We saw such frustration in France’s defeat in Vietnam, the American stalemate in Korea and its own defeat in Vietnam, and the Soviet defeat in Afghanistan. The brief consideration of nuclear weapons in these cases mostly reflected elite frustration at the inability to win. But the geopolitical risks of nukes vastly exceeded the costs of stalemate or defeat. In each case, the expected winner found it cheaper to lose and simply exit the field.


This is a more realistic analogy for the contemporary Russian experience in Ukraine. Russia is not so much locked in a large war with the West as it is bogging down in a “small war” with Ukraine. The model most obvious to American readers here is the Vietnam War. The U.S. backed its way into a war that ended up surprising Americans with its scale and ferocity. Washington responded with escalation and growing frustration, yet no amount of conventional force seemed to bring victory closer. Vietnam became a quagmire, a constant, infuriating stalemate drifting toward defeat. This, rather than Russia’s crushing defeat in World War I, captures the dynamic of Russia’s dilemma in Ukraine.

NATO AND RUSSIA WILL NOT SOMEHOW TUMBLE INTO A WAR

Analogies to a world war require significant extrapolation. Right now, NATO and Russian forces are not, in fact, exchanging fire. NATO troops are not in Ukraine. NATO support is limited to aid, which is something we have seen in proxy wars for decades. The two most famous examples are Soviet and Chinese support for Vietnam against the Americans in the 1960s and 1970s, and U.S. support for Afghan rebels against the Soviet Union in the 1980s. Neither of these escalated into World War III. None of the Cold War proxy conflicts did.

Analysts pushing World War III scenarios need to explain how NATO and Russia would slide from today’s geographically contained conflict into a general contest – especially when all players are acutely aware of the nuclear risks such an escalation would carry. Indeed, we just learned that the
U.S. and Russia have been speaking behind the scenes to prevent such escalation, while China appears to be signaling with increasing intent that Russia should not use nuclear weapons.
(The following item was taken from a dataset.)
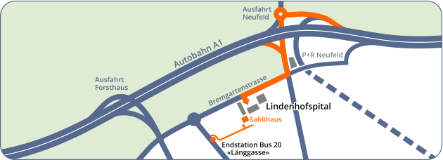 Die Praxis befindet sich im Erdgeschoss vom «Sahlihaus / Lindenhofspital». Benutzen Sie dazu den Lift im Hauptgebäude links neben dem Empfang und fahren Sie in das 2. Untergeschoss.

This sort of diplomacy is precisely what you would expect given Russia’s nuclear arsenal, and it strongly mitigates the ill-defined risk of a tumble into nuclear war. Russia itself knows the risks of a nuclear exchange, and Russian President Vladimir Putin had to back down after much of the world rejected his recent nuclear bluffing.

EXPLAIN INSTEAD THAT THE WAR HAS NOTICEABLY NOT ESCALATED

Indeed, the war has notably not escalated. For nine months, we have heard it will spin out of control, but that is very obviously not happening. Instead, the war remains limited, even as Russia is losing. That empirical reality is far more interesting than constant, inaccurate World War III scenarios.

Tu-22M3M from the Russian Air Force.

To continue to suggest that we are on the precipice of some epochal conflict – when we are not, even after many months – increasingly looks like a stratagem by those who want Russia to win the war. Framing the war in such terms is meant to scare the West into halting its aid for Ukraine. We should not succumb to such fear-mongering. Russia is losing a war of choice, and its looming defeat is not a national existential threat – Ukraine and NATO are not going to invade Russia after its loss. The easiest option for Russia will increasingly be to simply lose and go home – just as the Americans did from Vietnam, and the Soviets from Afghanistan.